This Sunday is Easter Sunday, and we hope it is a special day for you and your family to be together. One of our favorite traditions for the Easter weekend is seeing children and grandchildren light up with excitement at the prospect of dyeing and decorating Easter eggs, and then the festive egg hunts and the joy it brings to them!
We started wondering where this specific tradition comes from. Although many of our holidays, including Easter, have religious roots, many secular traditions have sprang forth and been incorporated into the holiday. For example, where did the traditions that involve the colorful Easter eggs come from?
The egg is often seen as a symbol of new life, rebirth and fertility, and has been celebrated as such for thousands of years. In fact, Iranians have decorated eggs on their New Year even before the time of Christ. Interestingly, the Iranian New Year falls on the spring equinox, and there is no other time of the year that is more symbolic of rebirth and life than that of springtime, when the plants, flowers and a number of animals spring back into life after a dormant winter.
In Christian faiths, the Easter egg is generally understood to represent the resurrection of Jesus Christ.
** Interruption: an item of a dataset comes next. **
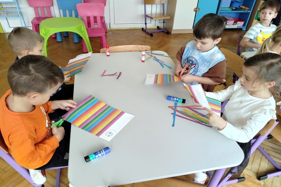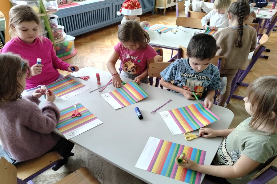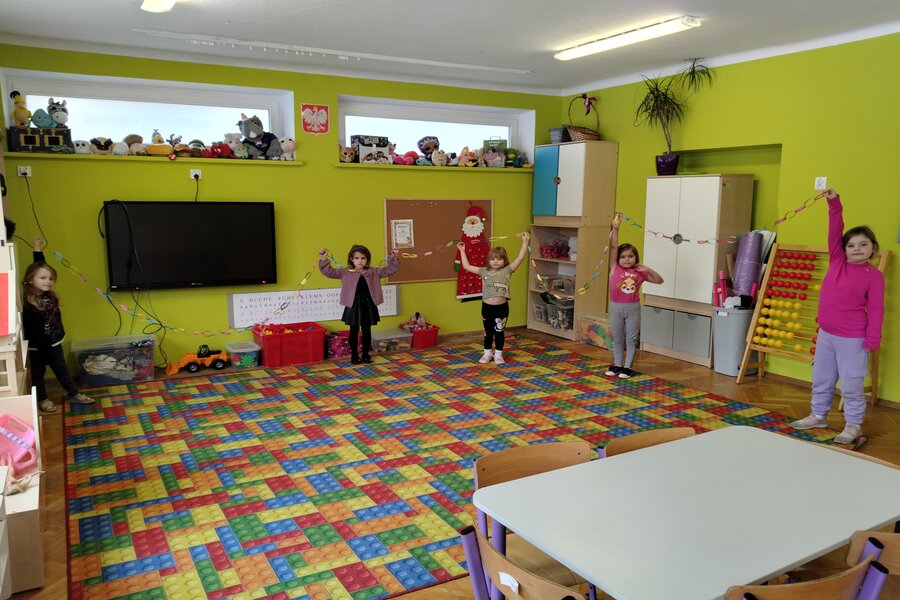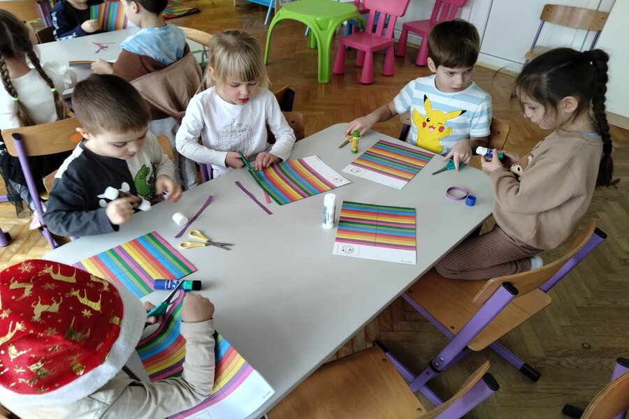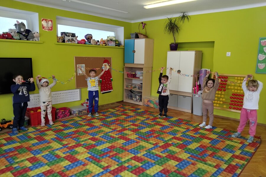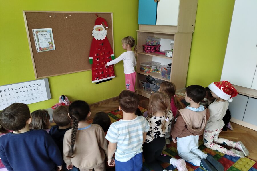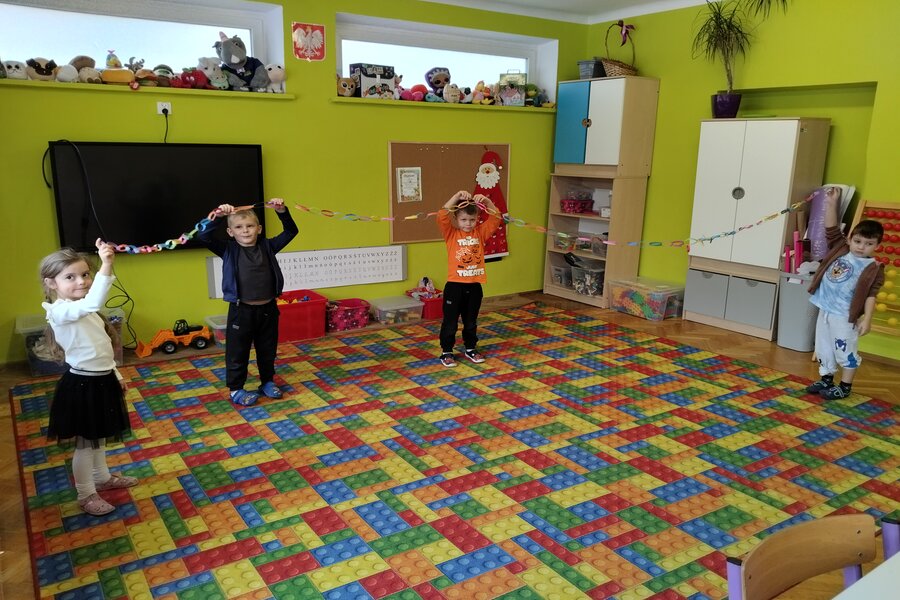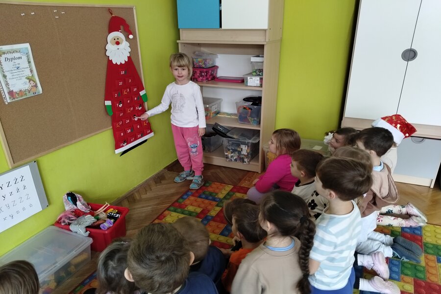 Truskawki rozpoczęły znaną im już tradycję odliczania do Świąt Bożego Narodzenia. Dzisiaj w klasie zawisł znanym przedszkolakom kalendarz adwentowy. Pierwsze zadanie zostało wylosowane - wykonać ozdobę choinkową. Wszyscy się ucieszyli bo mogli zrobić łańcuch na choinkę w małych zespołach pracując przy swoich stołach. Na koniec mogliśmy porównać długość powstałych łańcuchów p i ozdobić nimi naszą salę.

In Orthodox and Eastern Catholic churches the eggs are dyed red to represent Christ’s blood that was shed on the cross. The hard shell of the egg represents the sealed tomb of Christ. When the egg is cracked and the contents released, it represents Christ’s resurrection from the dead, leaving the tomb and coming forth reborn. At the end of Paschal vigil, the priest blesses the Easter eggs and they are distributed to the congregation. Historically, Christians abstained from eating meat and eggs during Lent, making Easter the first opportunity to eat eggs and meet after 40 days of abstaining.
Whatever faith or symbolism the Easter holiday holds for you, we hope you have a wonderful day with your loved ones! Enjoy these moments, for they pass by quickly.